### What to work on
Once you reach the line with "Carharttよりグレーのプリント&刺繍デザインジップパーカーが入荷です。" below, copy each line exactly, stopping after the line with "DólarSteam Argenta Calculator", and skip any pictures.

Records excerpted from a collection:

+---+

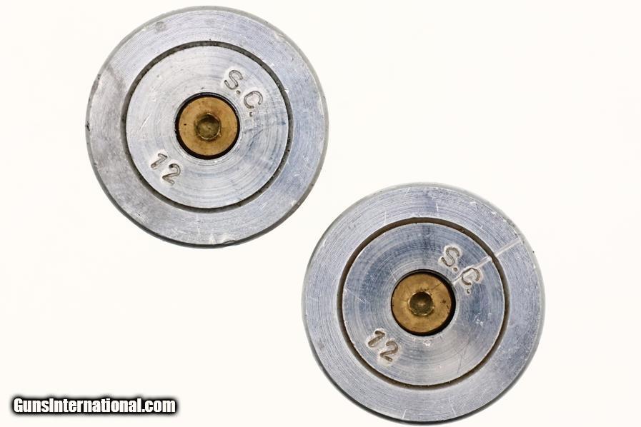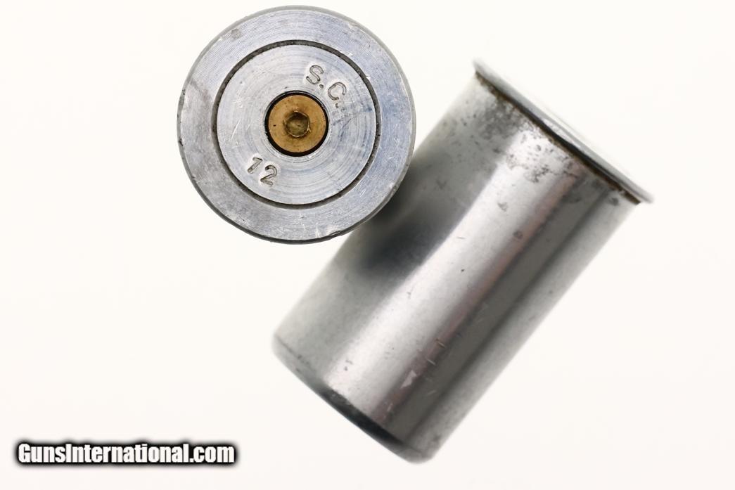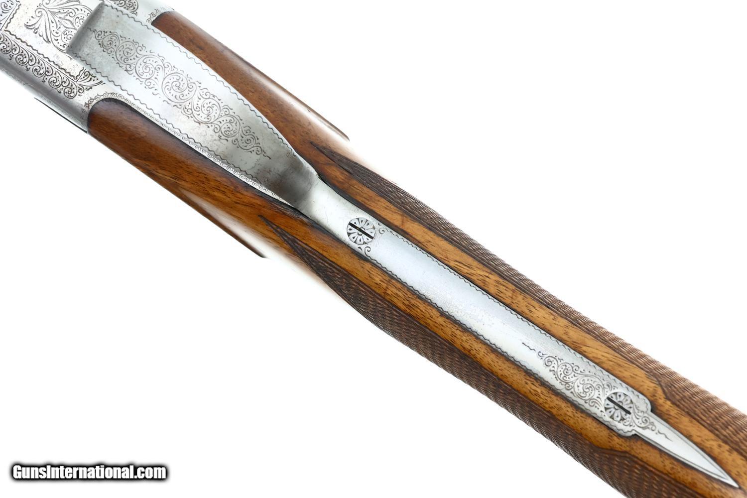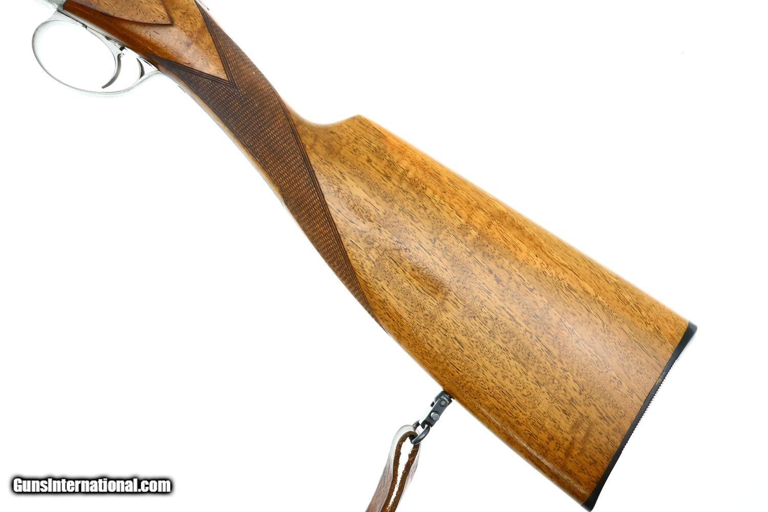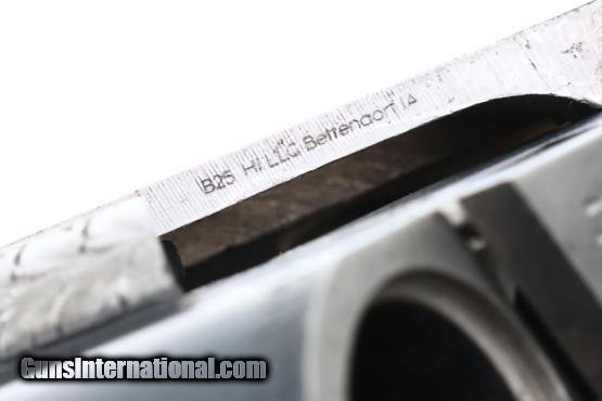 Description: Synopsis: Attractive, Factory Engraved Fabrique Nationale B25 12 gauge Superposed Shotgun F/M with Coin Finish, B1 Pattern Rosettes, Schnabel forend and "Perch Belly" straight grip buttstock. A very high quality shotgun with just enough wear to take on your next hunt! Description: Fabrique Nationale B25 12 gauge Superposed Shotgun with 2 3/4" chambers, 27.5" barrels choked M/F, automatic ejectors, single selective trigger, made 1977. Blued Special Steel barrels with a single bead sight on knurled vent rib, standard markings, light engraving at the breech, chokes marked "**"/"*" (modified/full), and 2 3/4 inch chambers with ejectors. Coin finished action with the B1 pattern engraving centered around floral rosettes surrounded by tight scrolls. Single selective trigger with gold inlaid "S", "O", and "U" indicators. Fitted with checkered Schnabel forend having engraved latch and a straight grip "perch belly" buttstock with a factory buttplate. Includes a quick-detach sling, retaining stud on buttstock, canvas/leather sling, and a pair of snap caps. Stock measurements: 1 9/16 inch drop at comb; 2 5/16 inch drop at heel; 14 1/4 inch length of pull. Weight 6 lbs. 14 oz. Condition: Very good overall, retaining 97-98% original blue and coin finishes with light handling marks and minor spotting. Comparable condition wood with scattered handling marks, fine scratches and superficial scuffs, the buttstock with added varnish. Mirror bright bores. Correct manual mechanics. Manufacturer: FN Model: B25 12 gauge Shotgun Serial Number: 62298577 Caliber Info: 12ga Condition: VG Price: $3,995.00 Contact Seller |
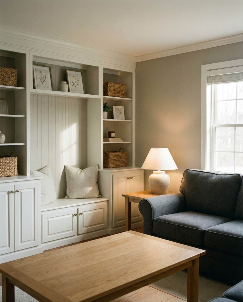 20. Farmhouse Living Room with Built-In Storage and Furniture
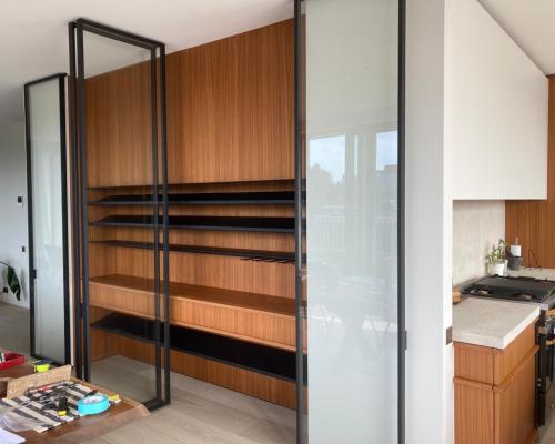 35530 Interieur - Opbergen - Smeedijzeren barkastdeuren + legbanken + glazenhouder - Inox gelakt
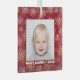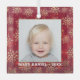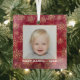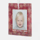 Tu foto favorita aparece en un adorno de vidrio cuadrado con copos de nieve dorados, estrellas y puntos sobre un fondo rojo. ¡Sube tu propia imagen para crear adornos de árbol de Navidad para ti mismo o como regalo para la familia, amigos, padres y abuelos! MÁS DISEÑOS en nuestra tienda.
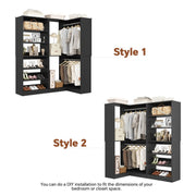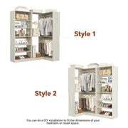 Corner Closet with Shoe Rack Tower for Space Optimization: Make the most of your corner space with this efficient L-shaped closet system. Featuring an adjustable 6-tier shoe rack tower, it accommodates everything from sneakers to high heels and boots. The tilt-proof design ensures your shoes stay securely in place, preventing them from falling off the rack.
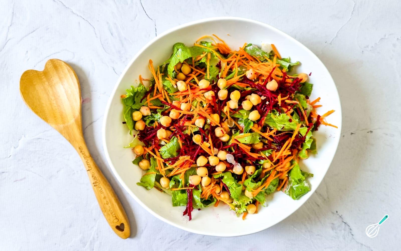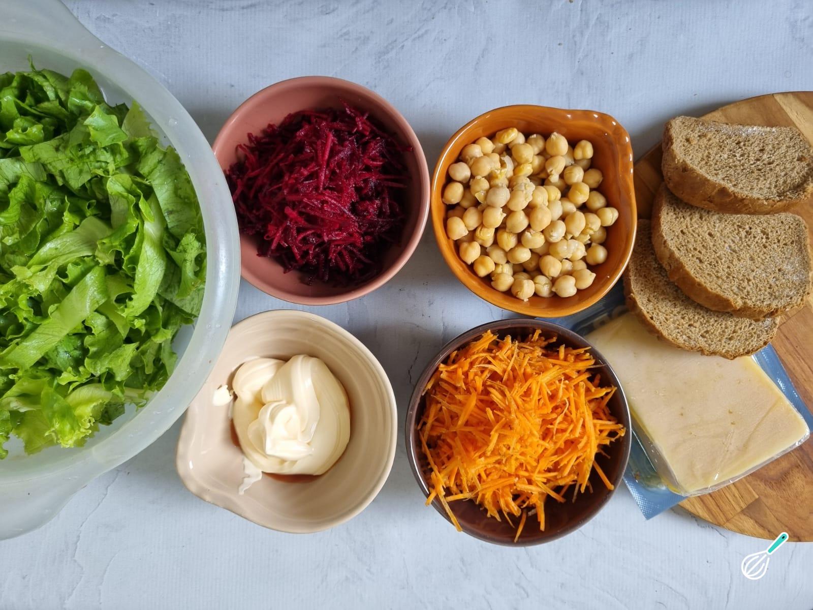 Comece separando e higienizando os ingredientes: lave a alface e deixe de molho na água com água sanitária por 15 minutos, após esse tempo lave bem em água corrente e corte em tiras largas. Higienize e descasque a beterraba e as cenouras, em seguida rale. Você pode cozinhar o grão de bico na água com sal ou pode comprar em caixinha já cozido, apenas escorra e lave em água corrente antes de usar. Para preparar os croutons corte as fatias de pão em cubos, coloque o azeite e asse numa frigideira ou no forno.
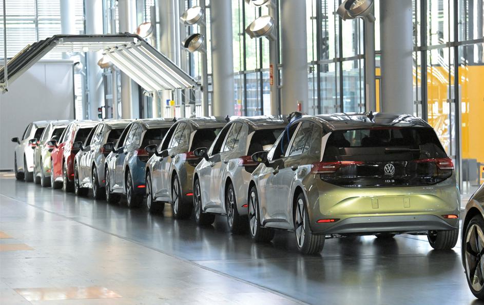 Volkswagen ID.3 cars stand in a queue for the final inspection, during a media tour, in Dresden, Germany, May 14, 2025. REUTERS/Matthias Rietschel
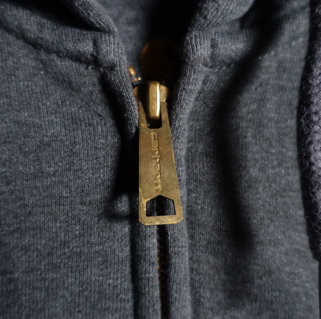 Carharttよりグレーのプリント&刺繍デザインジップパーカーが入荷です。
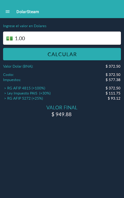 DólarSteam Argenta Calculator is het essentiële hulpmiddel voor gebruikers van het Steam-platform in Argentinië die directe en nauwkeurige conversies willen maken tussen dollars en Argentijnse peso's. Deze intuïtieve en eenvoudig te gebruiken applicatie is speciaal ontworpen voor de gaminggemeenschap en biedt een snelle en betrouwbare oplossing om de huidige waarde van de dollar in realtime te berekenen.
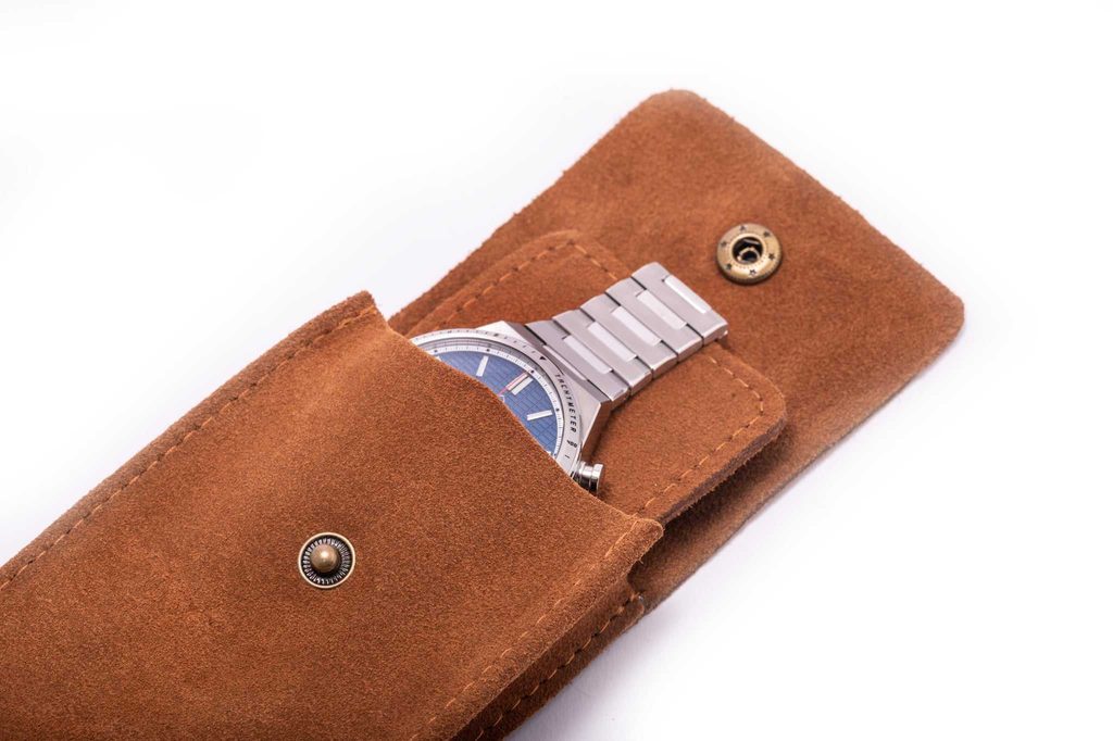 Pouzdro pro 1 kus hodinek je vyrobeno z vysoce kvalitní semišové kůže ve světle hnědém odstínu. Pouzdro je ztělesněním minimalismu a jemnosti. Je navrženo pro ty, kteří hledají lehké, skladné a funkční řešení pro ochranu svých hodinek – ať už v kapse saka, v tašce nebo při ukládání do domácího trezoru.
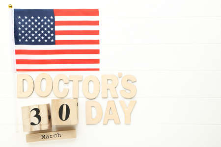 Text Doctor's Day with cube calendar and american flag on white wooden table
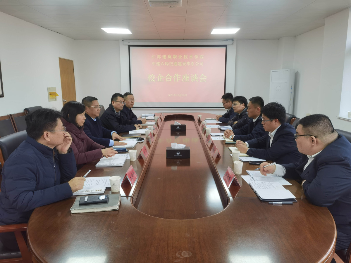 为进一步加强校企合作,推进产教深度融合,拓展毕业生就业渠道,保证毕业生就业质量,12月28日下午,我校与中建六局交通建设华东公司在学校第二会议室开展校企合作座谈会。党委委员、副校长蒋兆峰,中建六局交通建设华东公司总经理杨扬出席会议,校企合作处、交通工程学院及企业相关部门负责人参加会议。
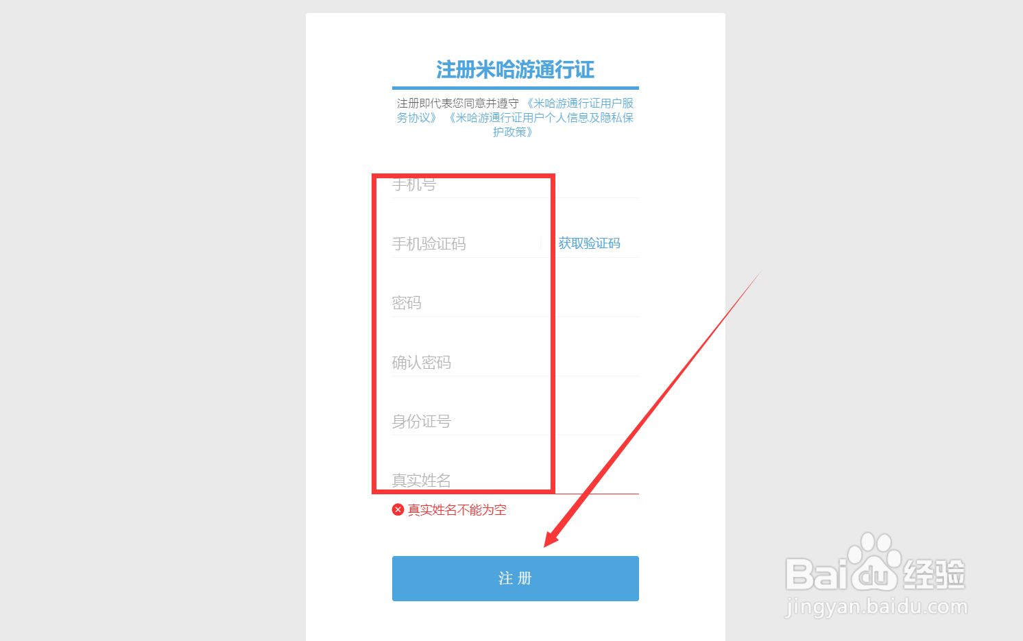 3/5需要注册米哈游通行证,填写手机号,手机验证码,密码,身份证号和真实姓名,然后点击注册打开
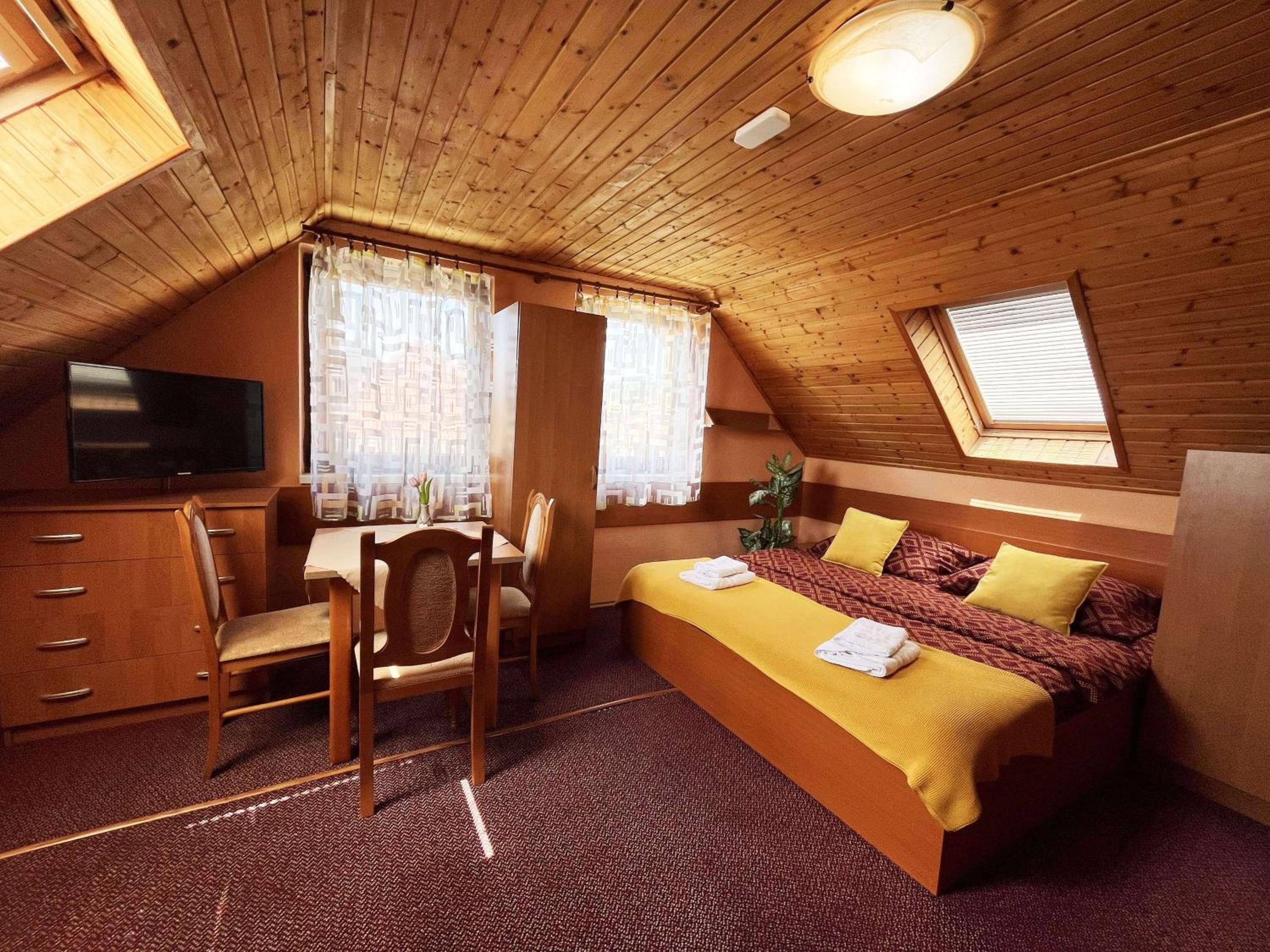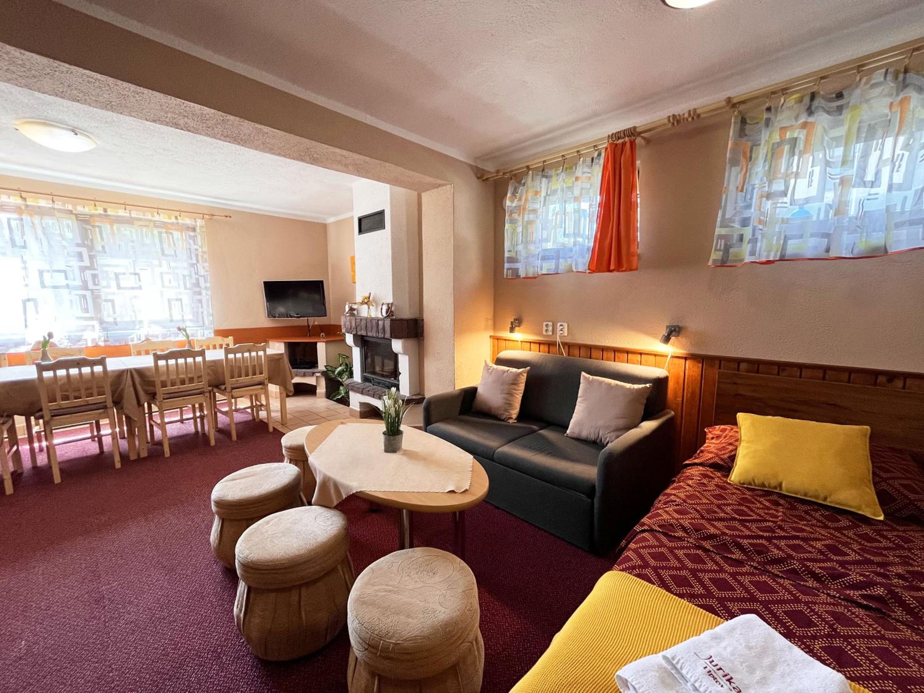 Jurika Liptov, a recently renovated aparthotel in Liptovský Mikuláš, offers a range of beautifully designed units with private entrances, dining areas, fireplaces, and ovens. Enjoy the comfort of a seating area, flat-screen TV, and free WiFi in every unit. Some rooms even feature balconies with garden views, providing a serene retreat for guests.

+---+

### Result
 Carharttよりグレーのプリント&刺繍デザインジップパーカーが入荷です。
 DólarSteam Argenta Calculator is het essentiële hulpmiddel voor gebruikers van het Steam-platform in Argentinië die directe en nauwkeurige conversies willen maken tussen dollars en Argentijnse peso's. Deze intuïtieve en eenvoudig te gebruiken applicatie is speciaal ontworpen voor de gaminggemeenschap en biedt een snelle en betrouwbare oplossing om de huidige waarde van de dollar in realtime te berekenen.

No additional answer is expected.